Grayscale US was carried out to identify the presence of a focal lesion in the peripheral portion of the prostate. CDUS and PDUS were carried out to detect possible vascular flow within the lesion. Elastography was carried out to obtain a color map of the prostate. The US operator applied manual compression and decompression using a transrectal probe while observing the degree of compression on the US monitor. Qualitative evaluation was carried out by dividing the tissues into five color patterns from purple-blue (max stiffness) to red (max elasticity).
For a quantitative analysis, three regions of interest (ROIs) were selected at the base, middle third and apex of the prostate gland in the right and left peripheral zone (PZ) and in the central portion/adenoma. Strain ratios (SRs) were calculated between the two peripheral portions and between the right and left peripheral portions and the central portion.

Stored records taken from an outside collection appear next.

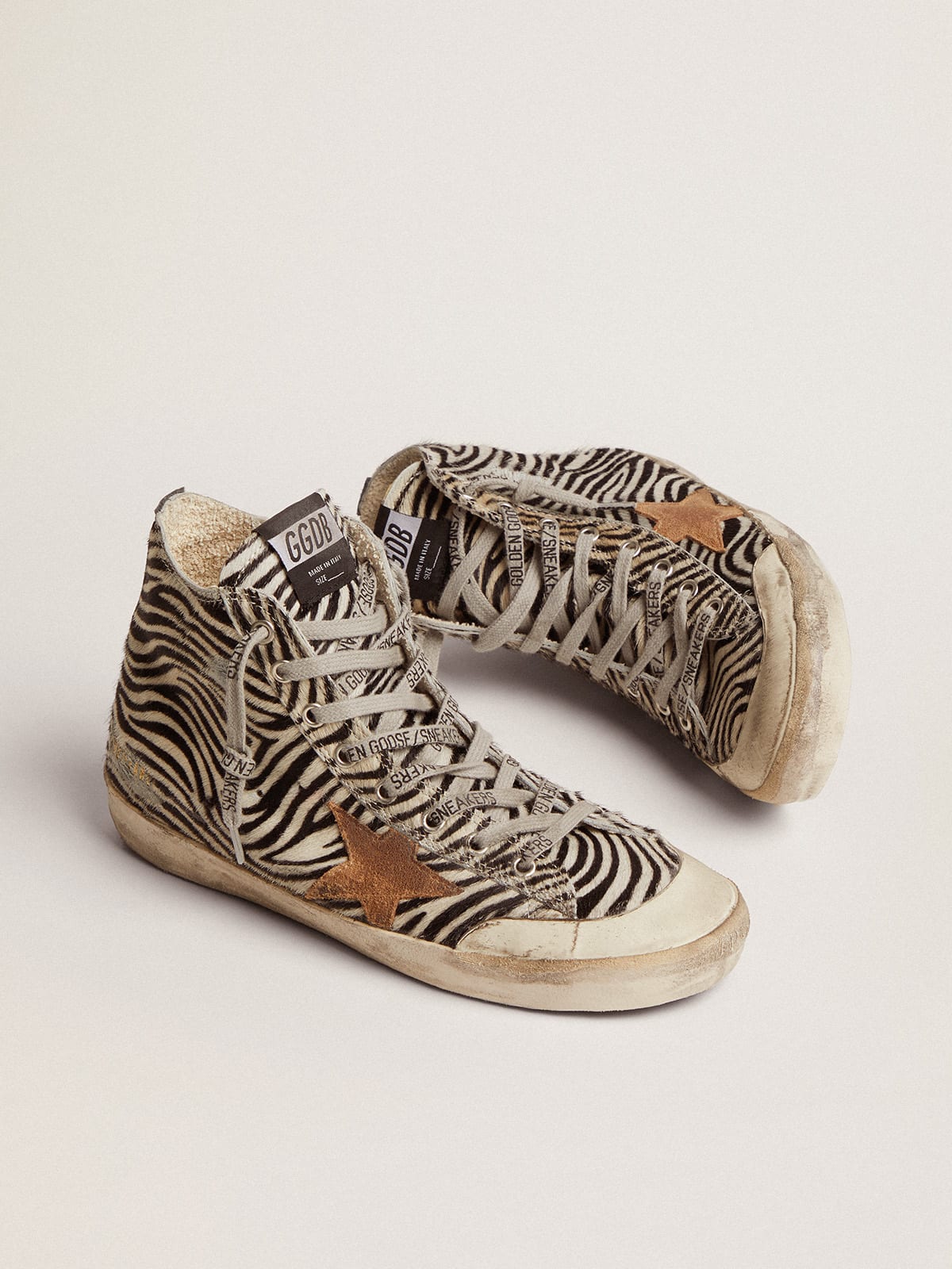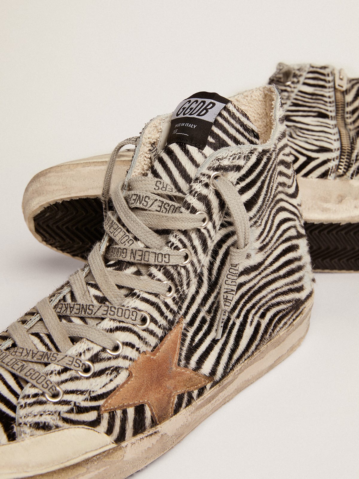 Golden Goose - Francy Penstar LTD Sneakers in Zebra-Print Pony Skin with Tobacco-colored Suede Star and Black Leather Heel Tab, Woman, Size: 35
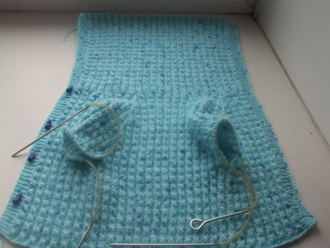 Для кофточки с капюшоном взяла 2 мотка пряжи Alize Mini Color. Набираем 125 петель. Резинки нет- поэтому с первого ряда нужно разделить петли по рисунку. В моём случае с каждой стороны вязания по 5 петель изнаночными петлями для планок.Раппорт рисунка- 5 петель ( изнаночная*3 лицевых*изнаночная ). В изнаночных рядах петли вяжутся по рисунку. Второй ряд- изнаночная* из 3 лицевых петель 3 петли (накид-лицевая-накид). Я вяжу от макушки капюшона. чтобы потом перейти на реглан сверху.
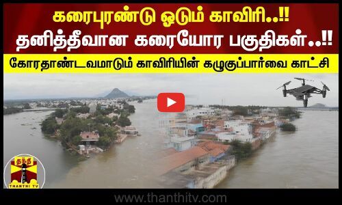 கரைபுரண்டு ஓடும் காவிரி.!தனித்தீவான கரையோர பகுதிகள்.!கோரதாண்டவமாடும் காவிரியின் கழுகுப்பார்வை காட்சி
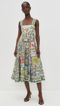 - Fabric: Lightweight stretch poplin - Rickrack trim - Midi length - Square neckline - Sleeveless - Hook-and-eye and hidden zip at back - On-seam side pockets - Shell: 100% cotton - Lined - Hand wash or dry clean - Imported, Vietnam Style #ALEMA30339
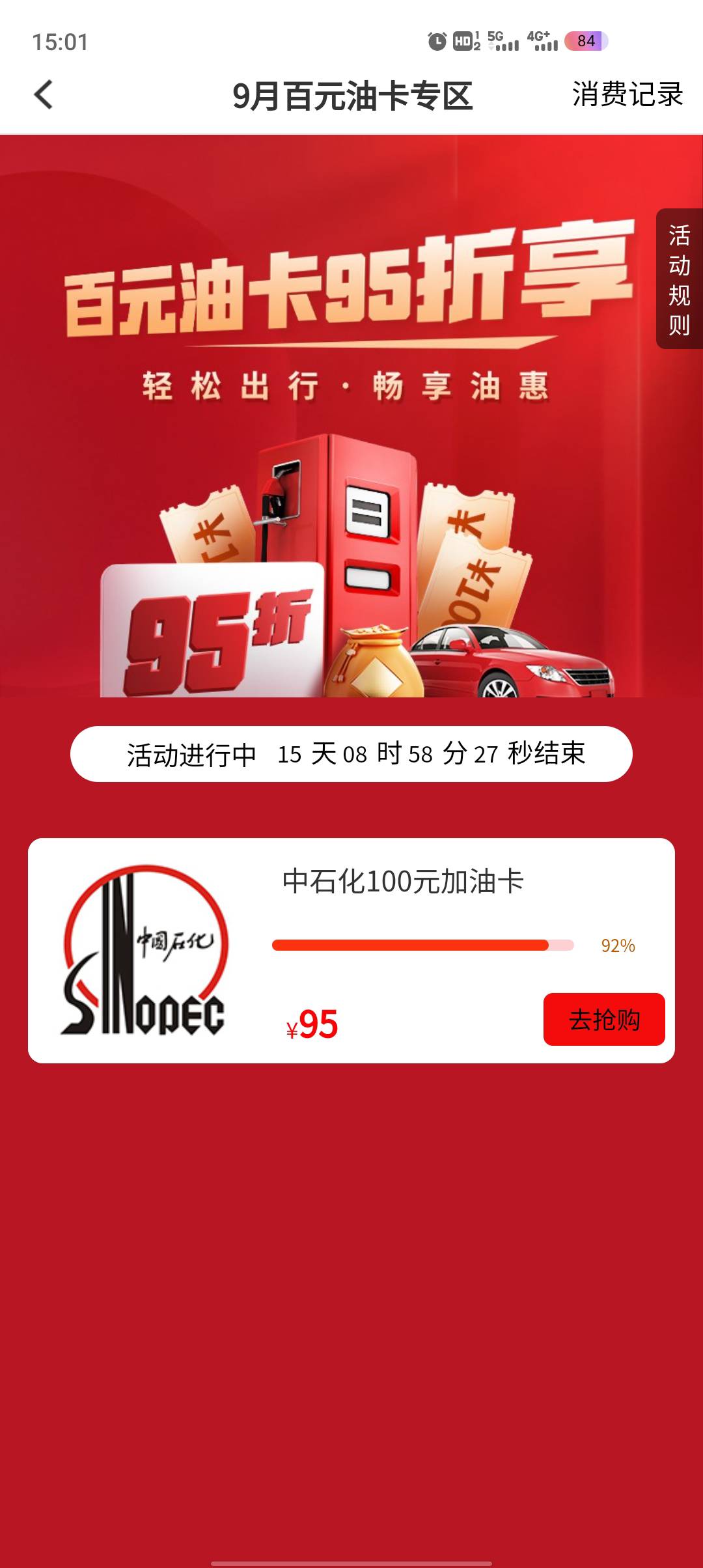 南京银行-热门活动-鑫动福利月 95买100中石化油卡 --蜜蜂秒出 润4.6(还有速度)
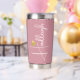 Gourde Isotherme Bridesmaid | Nom de script minimal Gold Heart Pink
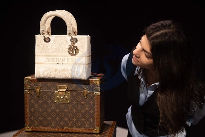 A staff member views a Light Gold and Cream Embroidered Canvas Medium Lady D-Lite Bag by Christian Dior (est. £2,500 - £3,000) which is part of Bonhams' Designer Handbags and Fashion Sale on 28th February 2024 - Bonhams Knightsbridge, London, England, UK on Monday 26 February, 2024., Credit:Justin Ng / Avalon
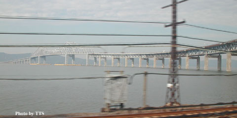 ところで、このタッパン・ジー橋を地図で眺めていると、ハドソン川の川幅が広くなる場所にわざわざ長い橋を架けていることに気が付くのではないだろうか。地図のYonkers付近と比べて、タッパン・ジー橋の架かっている場所は3倍くらいの川幅がある。この地域にはかつてDobbs Ferryのところにハドソン川を渡る渡船があったのだが、タッパン・ジー橋は旧渡河地点よりも離れている上に、Dobbs Ferryよりもさらに川幅が広くなっている。
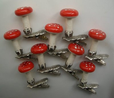 Title (ebay affiliate link): 9 OLD CLIP-ON SPUN COTTON MUSHROOMS CHRISTMAS ORNAMENTS
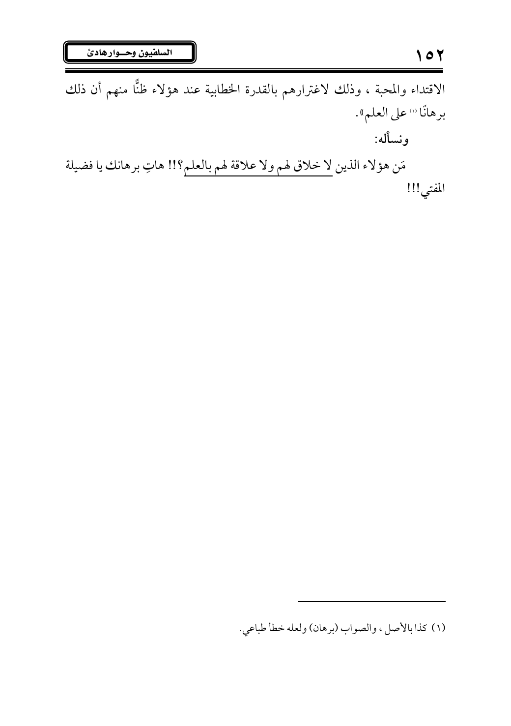 الاقتداء والمحبة، وذلك لاغترارهم بالقدرة الخطابية عند هؤلاء ظنًّا منهم أن ذلك برهانًا (¬1) على العلم».

CEUS was carried out after intravenous administration of 4.8 ml contrast medium (SonoVue, Bracco, Milan, Italy) followed by 5 ml saline solution, using a low mechanical index (MI) (range=0.06-0.1). The spread of contrast medium was displayed in real-time fashion evidencing the lesion and healthy parenchyma (duration approximately 2.30 min).
The obtained video clips were analyzed qualitatively defining the type of enhancement as: absent (score 0), modest (score 1) or intense (score 2). Quantitative analysis included creation of time/intensity curves using dedicated software.
MRI/US fusion-guided prostate biopsy. A rigid transformation system was used (Virtual Navigator, Esaote, Genoa, Italy). This system provides a geometrical transformation that preserves all distances and straightness of lines as well as translation and rotational variations of the images. Virtual Navigator advanced system allows real-time visualization of enhanced US images due to correlation with MRI gold-standard images. The combination of US and MRI reference methods permits fusion of data thereby increasing the ability to assess lesion morphology particularly in difficult-to-scan patients.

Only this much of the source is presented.